The move had been meant to make him angry enough to throw it all down, to make him resign his post. But as much as he hated being here he wouldn't give his opponents the satisfaction of having him leave the halls of power in dishonor. He had usually ignored most Pact meetings, either sending a minor clerk to at least take note of what was being discussed or outright ignoring it. However, even he had to admit that things had changed so much during the past three weeks that for once his attendance was necessary.

The emergency meeting had managed to draw delegates from every single member except the Érenni and the
Tuathaan whose ambassadors were understandably indisposed. Still, they would weigh in over a video link via a faster than light connection.

Tachyon Density Emergence
boosters, commonly just called FTL comms, constituted one of the two legs of interstellar commerce and communication, with the other being courier ships. Massively energy-intensive and as large as they were expensive TDE boosters were the literal eye of the needle for priority communications across large distances. Its extraordinary computational needs and energy hunger grew exponentially the more accurate and long-ranged the system got. Bandwidth was limited, as was the number of simultaneous connections to multiple destinations any system could establish. Given the communications needs and immense amounts of data sent and received on a daily basis, a single TDE was almost ridiculously inadequate, as an equivalent to an internet server, for a developed planet involved in the interstellar economy. That, and the vast costs involved with setting up and maintaining such a communications node meant that only a few settled planets between the hundreds of known inhabited star systems could afford such a system, and even these reserved most of the systems' capacity for governmental traffic or high-paying customers. Excess capacities were available to the public. For private citizens the rates varied from planet to planet but were rarely below a hundred credits per minute. The expense earned you the ability to talk to someone or send data packages over a distance of slightly more than five hundred light-years. Even at just a tenth of the range, only the largest military vessels could carry the most basic versions of these systems.

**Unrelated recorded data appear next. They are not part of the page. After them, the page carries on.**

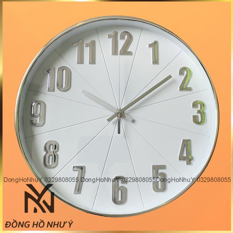 Đồng hồ treo tường MÚI CAM - MÀU TRẮNG CHỮ BẠC phong cách trẻ trung kích thước 30 cm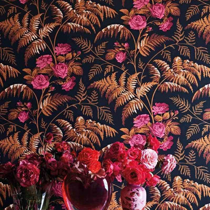 This edgy Rose wallpaper by Cole and Son forms part of the new Botanical Botanica Collection and features the quintessential English Rose alongside delicate fern fronds.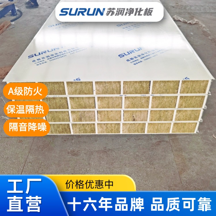 中空玻鎂巖棉凈化板 彩鋼復(fù)合板 無塵車間工程 潔凈板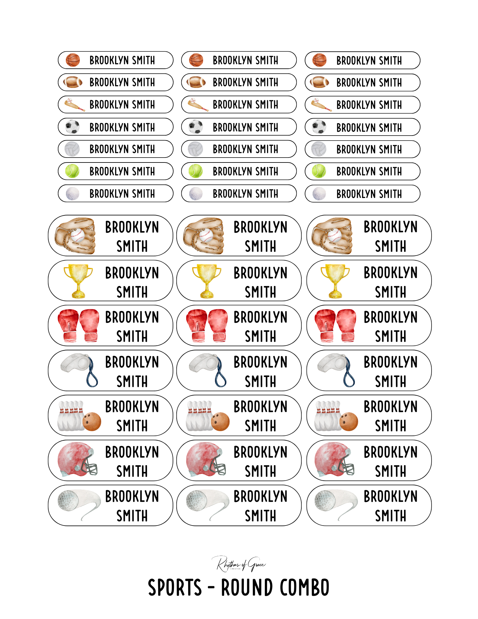 Sports / Rounded Edges / Small Combo: Includes 21 small rounded labels (2.1" x .4") and 21 medium rounded labels (2.2" x .7") - 1 sheet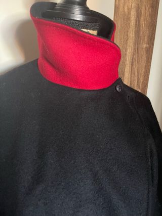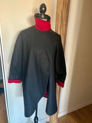 Elegante abrigo tipo capa confeccionado en lana. - Material: 100% lana. - Diseño con cuello alto y detalles en contraste. Sin etiqueta de marca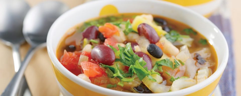 Μια πιο ενδιαφέρουσα εκδοχή της ένδοξης ελληνικής φασολάδας που θα γεμίσει το πιάτο σας με χρώμα και γεύση. Σερβίρετε το φαγητό σε ατομικά πιάτα και πασπαλίζετε με φρέσκο ψιλοκομμένο μαϊντανό. Βάζετε στο πλάι ελαιόλαδο και λεμόνι και προσθέτει ο καθένας όση ποσότητα επιθυμεί.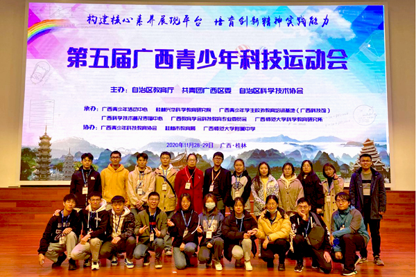 为了进一步提升青少年科技素养,由自治区教育厅、共青团广西区委、自治区科学技术协会共同主办的第五届广西青少年科技运动会于2020年11月28-29日在桂林市广西师范大学附属中学举行。我校获得了一、二、三等奖的好成绩。我校理学院组建了7支队伍参赛,由孙立萍、谢冰、吴兹起三位老师指导,共参加了水火箭、纸桥承重、抛石机攻城、落体缓降、铁丝陀螺、鸡蛋撞地球等六个项目的比赛。最终,黄珍妹获得铁丝陀螺项目一等奖,卢冰峰...
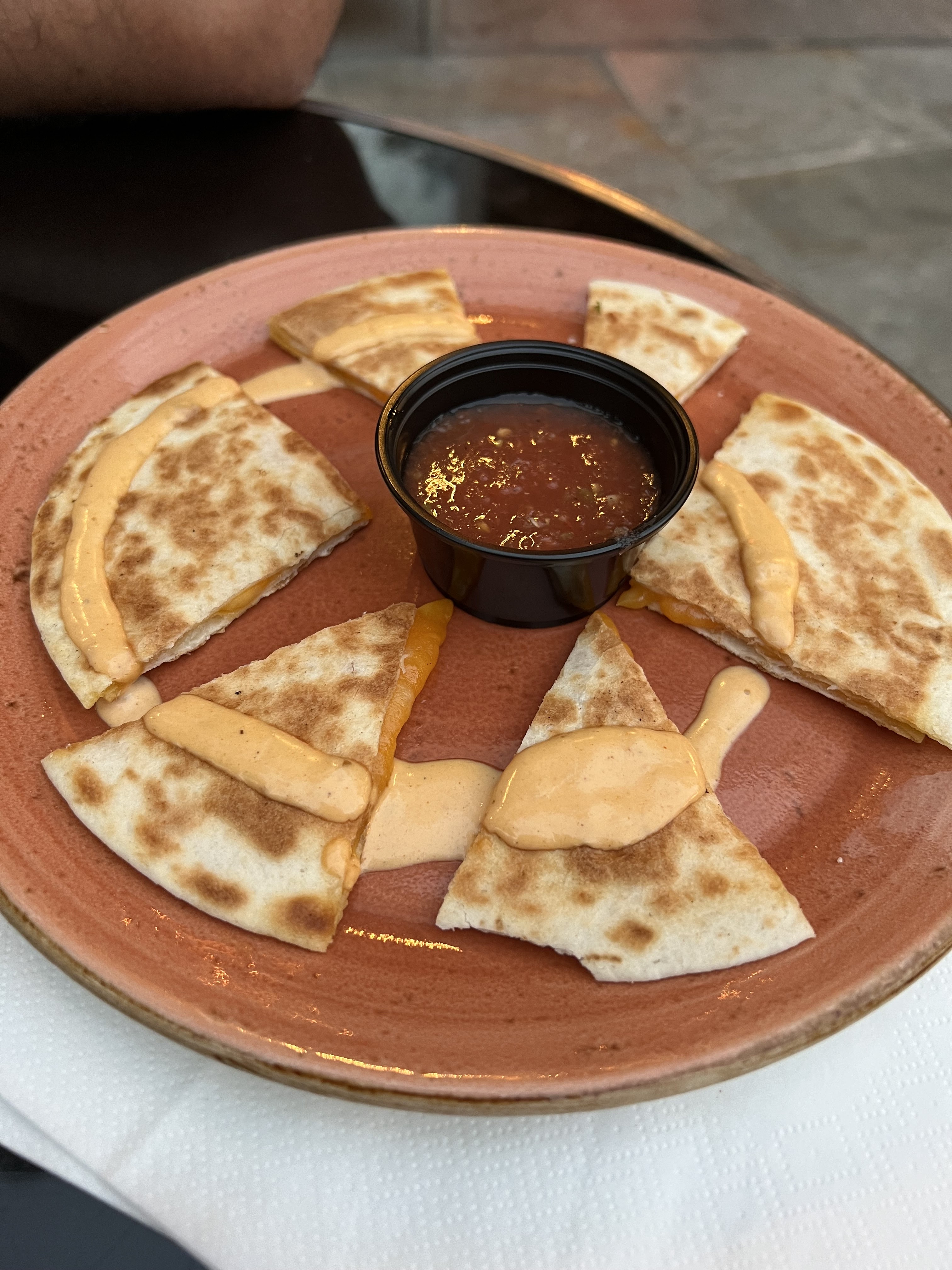 Accueil super sympa, bon endroit bien placé ! Petit bémol, mon verre était fissuré à 2 doigts d'exploser dans mes main tout coulait partout nous avons dû de nous même le redeposer car personne ne venait, et l'assiette de Quesasillas assez légère 😅 c'est dommage il y a un bon potentiel !

That meant that day to day operations and communications were handled by the modern version of the pony express: courier ships. Most developed planets fielded small fleets of the fast system hoppers, small ships usually weighing only a few thousand tons, consisting only of drives and computers and data storage and oversized comm equipment.

Setiawan pushed the heavy two-winged doors of polished hardwood open with his four arms and two stooped native guards in gaudy uniforms sprang to attention, presenting their feather-crowned ceremonial spears. The inside of the dome reeked of uncertainty and barely hidden fear. The old Komerco politician stopped and drew back his thick lips in a silent snarl as he tried to sift through the buzz of voices.